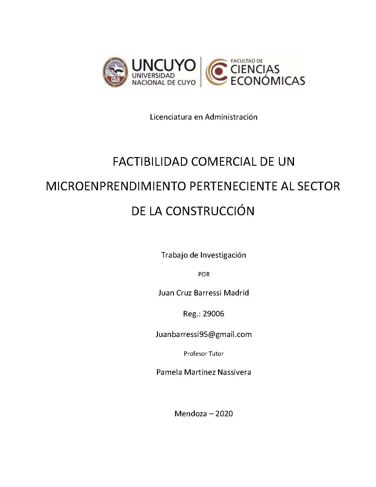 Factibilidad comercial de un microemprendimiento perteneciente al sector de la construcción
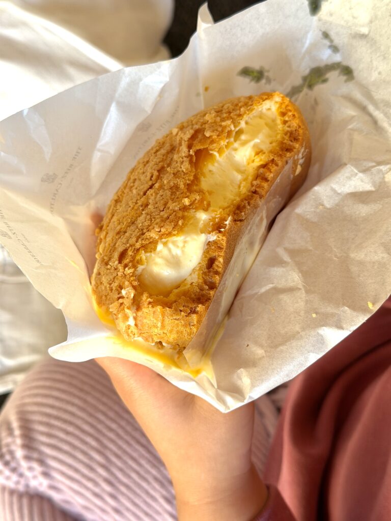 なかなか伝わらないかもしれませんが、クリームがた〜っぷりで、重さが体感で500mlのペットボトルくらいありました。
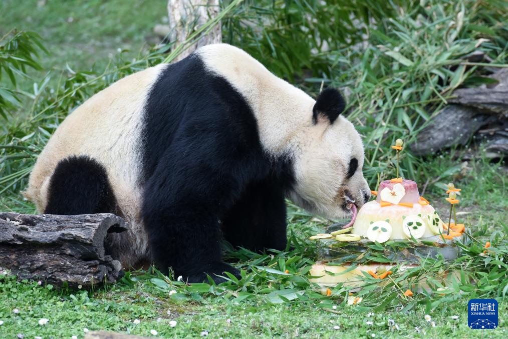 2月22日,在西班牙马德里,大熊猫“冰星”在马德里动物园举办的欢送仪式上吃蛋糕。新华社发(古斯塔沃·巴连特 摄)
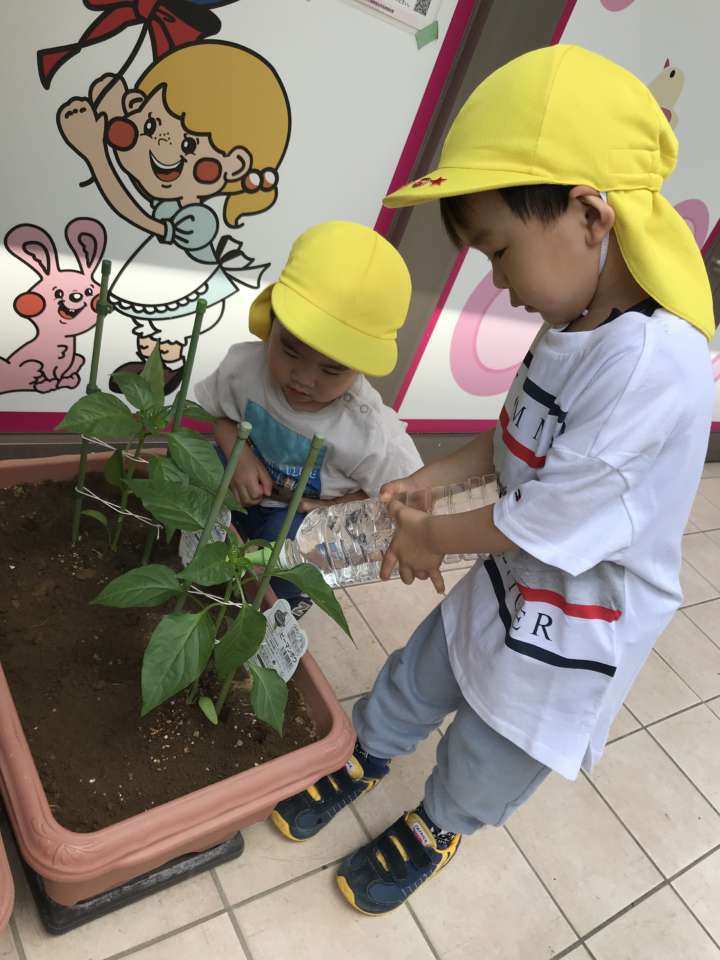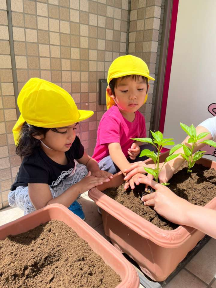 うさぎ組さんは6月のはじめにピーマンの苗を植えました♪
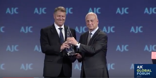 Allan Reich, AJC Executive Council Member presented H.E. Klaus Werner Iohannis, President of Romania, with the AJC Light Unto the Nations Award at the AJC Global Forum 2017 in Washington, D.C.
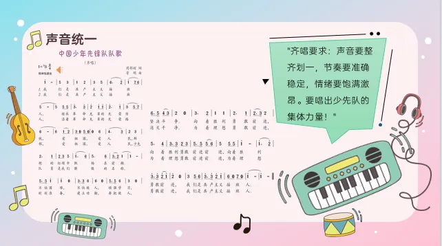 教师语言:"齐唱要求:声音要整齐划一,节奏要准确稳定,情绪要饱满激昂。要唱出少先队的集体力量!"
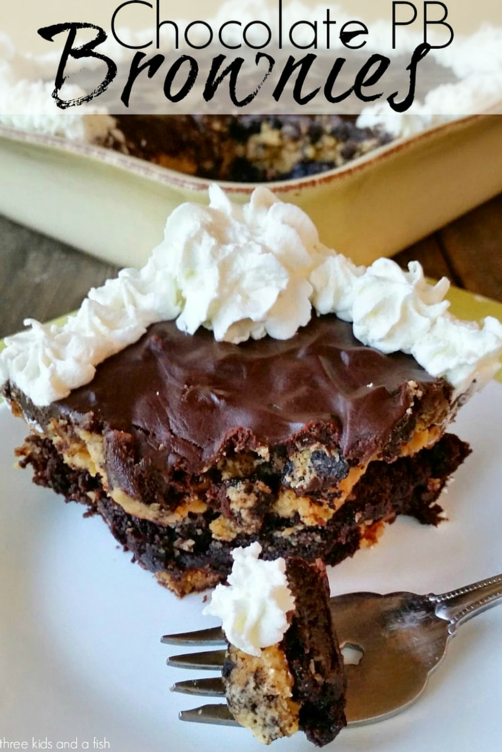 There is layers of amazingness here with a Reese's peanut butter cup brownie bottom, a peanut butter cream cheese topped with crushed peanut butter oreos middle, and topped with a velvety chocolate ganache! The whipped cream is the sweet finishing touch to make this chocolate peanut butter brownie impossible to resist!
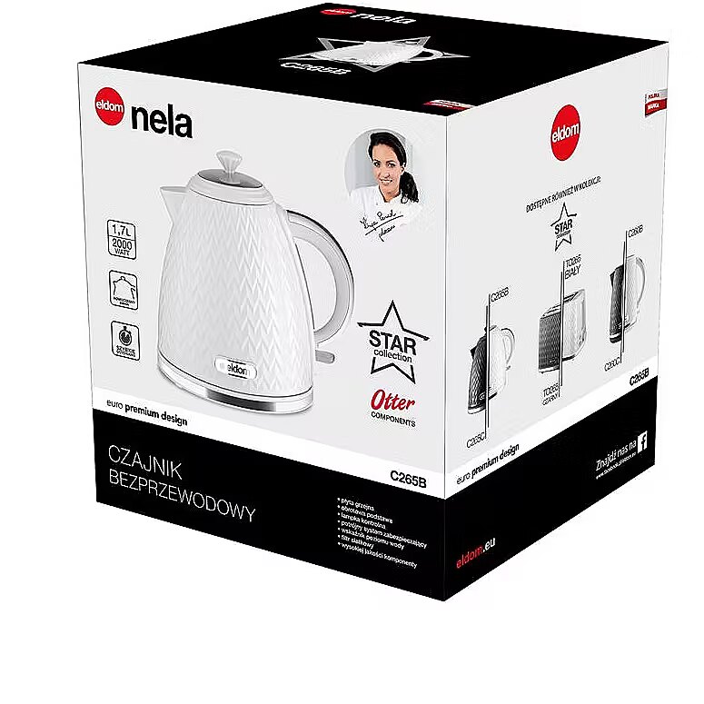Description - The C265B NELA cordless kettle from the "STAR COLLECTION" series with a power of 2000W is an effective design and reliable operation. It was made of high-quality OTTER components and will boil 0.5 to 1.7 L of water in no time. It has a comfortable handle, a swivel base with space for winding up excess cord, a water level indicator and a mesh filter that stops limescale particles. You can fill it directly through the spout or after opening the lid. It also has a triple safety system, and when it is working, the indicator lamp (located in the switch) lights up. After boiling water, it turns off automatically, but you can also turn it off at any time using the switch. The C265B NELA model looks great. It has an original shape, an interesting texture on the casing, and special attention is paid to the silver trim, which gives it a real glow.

* * *

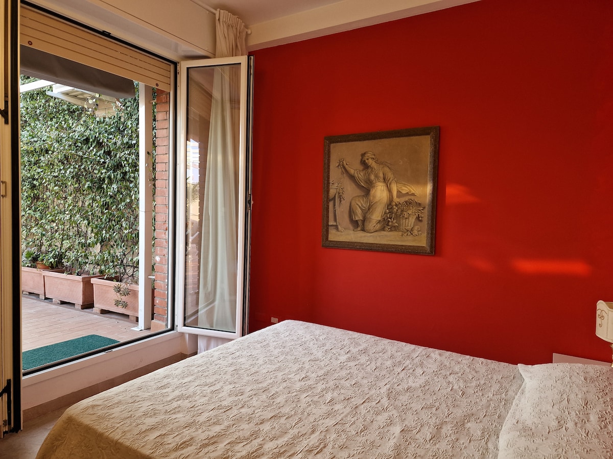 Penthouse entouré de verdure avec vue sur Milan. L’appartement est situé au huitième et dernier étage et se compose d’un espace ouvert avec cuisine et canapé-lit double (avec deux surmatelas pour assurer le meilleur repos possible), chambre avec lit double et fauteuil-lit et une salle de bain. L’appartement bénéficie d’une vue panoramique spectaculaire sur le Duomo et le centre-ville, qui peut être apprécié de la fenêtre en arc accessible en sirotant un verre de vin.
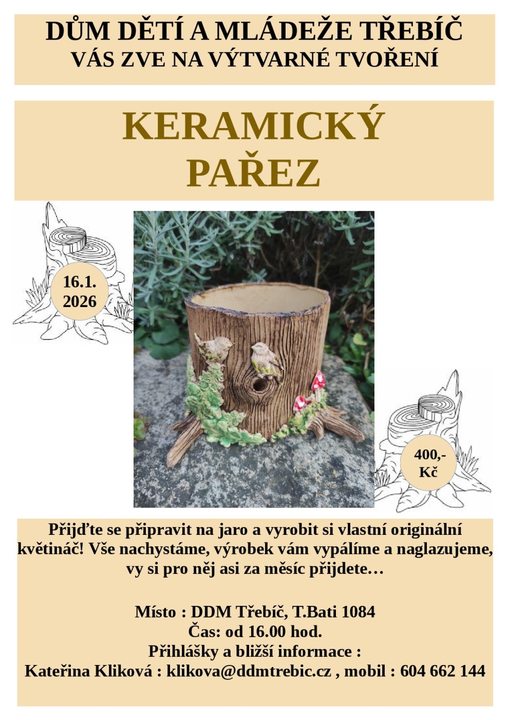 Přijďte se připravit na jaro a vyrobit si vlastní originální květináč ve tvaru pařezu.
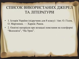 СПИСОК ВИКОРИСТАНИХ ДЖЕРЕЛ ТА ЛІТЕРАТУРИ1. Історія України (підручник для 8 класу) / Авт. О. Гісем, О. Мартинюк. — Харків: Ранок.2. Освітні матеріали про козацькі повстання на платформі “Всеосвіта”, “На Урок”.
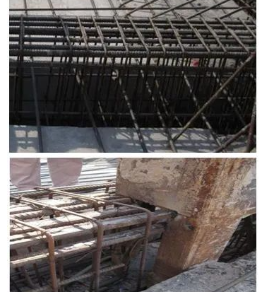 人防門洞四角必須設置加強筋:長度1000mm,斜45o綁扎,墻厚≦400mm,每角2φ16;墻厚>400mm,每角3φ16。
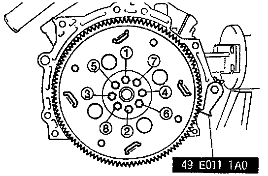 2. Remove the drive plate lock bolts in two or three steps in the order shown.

→ **Task details**:
From the data above, return only the lines starting at the line that holds "人防門洞四角必須設置加強筋:長度1000" and ending at the line that holds "2. Remove the", word for word and without pictures.

→ **Exercise response**:
 人防門洞四角必須設置加強筋:長度1000mm,斜45o綁扎,墻厚≦400mm,每角2φ16;墻厚>400mm,每角3φ16。
 2. Remove the drive plate lock bolts in two or three steps in the order shown.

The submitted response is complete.